The conservation subcommittees and regional groups also sponsor educational events. The Wilderness Committee, for example, hosted slide presentations at its meetings about the Arctic, Nevada wilderness, and Cache Creek, and co-sponsored "California Wild" slide shows by photographer Tim Palmer. The Energy Committee put on its annual session on solar power. Group events included talks on the Iron Horse Trail (Mount Diablo Group) and global warming (Tri-Valley Group); a session with Jim Motovalli, a co-editor of Green Living - the E Magazine Handbook for Living Lightly on the Earth (San Francisco Group); and "What's Ahead for East Contra Costa in 2005?" (Delta Group). The Chapter, and especially the San Francisco Group, also helped put on several events for World Environment Day in San Francisco. In connection with the event the Group helped publish "Nature in the City", a beautiful full-color map and guide to the city's natural areas.

This summer the Chapter launched our first official Volunteer Training Series for members who want to become more involved and more effective at working on conservation issues. We held three introductory trainings and one advanced session, training about 50 people, who seemed very pleased with the skills they gained and left the trainings feeling more prepared and more inspired to make an impact on our community. Many of these volunteers went out and collected letters, made phone calls, turned out to hearings, and have made a critical difference in our campaigns this fall. Stay tuned for our 2006 Training Series in the spring! If there are particular skills you'd like us to focus on, now is the time to give input, by contacting Cathleen Sullivan at cathleen-at-sfbaysc.org or (510) 848-0800, ext. 316.
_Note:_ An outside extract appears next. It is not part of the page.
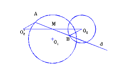 ,, Fiind date cercurile C1(O1,R1) si C2(O2, R2), precum si punctul fixat M, construiti o dreapta d care trece prin M cu proprietatea ca exista AI d C1 si B I d C2, astfel incat M este mijlocul lui [AB]. ’’

The best way to learn about the Chapter's outings and events is to come to one. Whatever your level of ability and experience, there's one for you, and probably not far from where you live. For information on all these possibilities see the "Events and Activities" centerfold section in each Yodeler or the calendar on our Chapter web site.

The Yodeler

The Yodeler has been the Chapter's primary form of outreach to members and to the public since 1938. In addition to our regular coverage of Bay Area environmental news, elections, and Sierra Club events and activities, in 2005 we did special sections on creeks, rivers, and watersheds; energy; becoming an effective volunteer; Bay Area shorelines; solid waste; and winter outdoors. The September- October issue included an unprecedented two-page color map of the Bay Area's shorelines, prepared by mapmaker Ben Pease. Readers may notice that the Yodeler is making increasing use of color for its front pages and centerfolds.

The Yodeler included post-card inserts (sometimes only to portions of the Chapter) on key elections, Tomales Dunes, and promoting livable, walkable areas around transit centers. The thousands of members who return these post cards convey a powerful message to our officials. Copies of this Yodeler going to several portions of the Chapter have enclosed post cards related to important local issues; if you live in one of these areas, please send your card in.

One of the most popular Yodelers each year is the issue where we publish the winners of our annual Photo Contest. The volunteer Photo Contest Committee also arranged for a public exhibit of the winners in the exhibit space at EBMUD Headquarters in Oakland and prepared a display for the nationwide Sierra Summit in San Francisco in September.

This year Sierra Club California presented its Mary Ferguson Award (for a staffperson who has served the Club in California) to Yodeler editor Don Forman.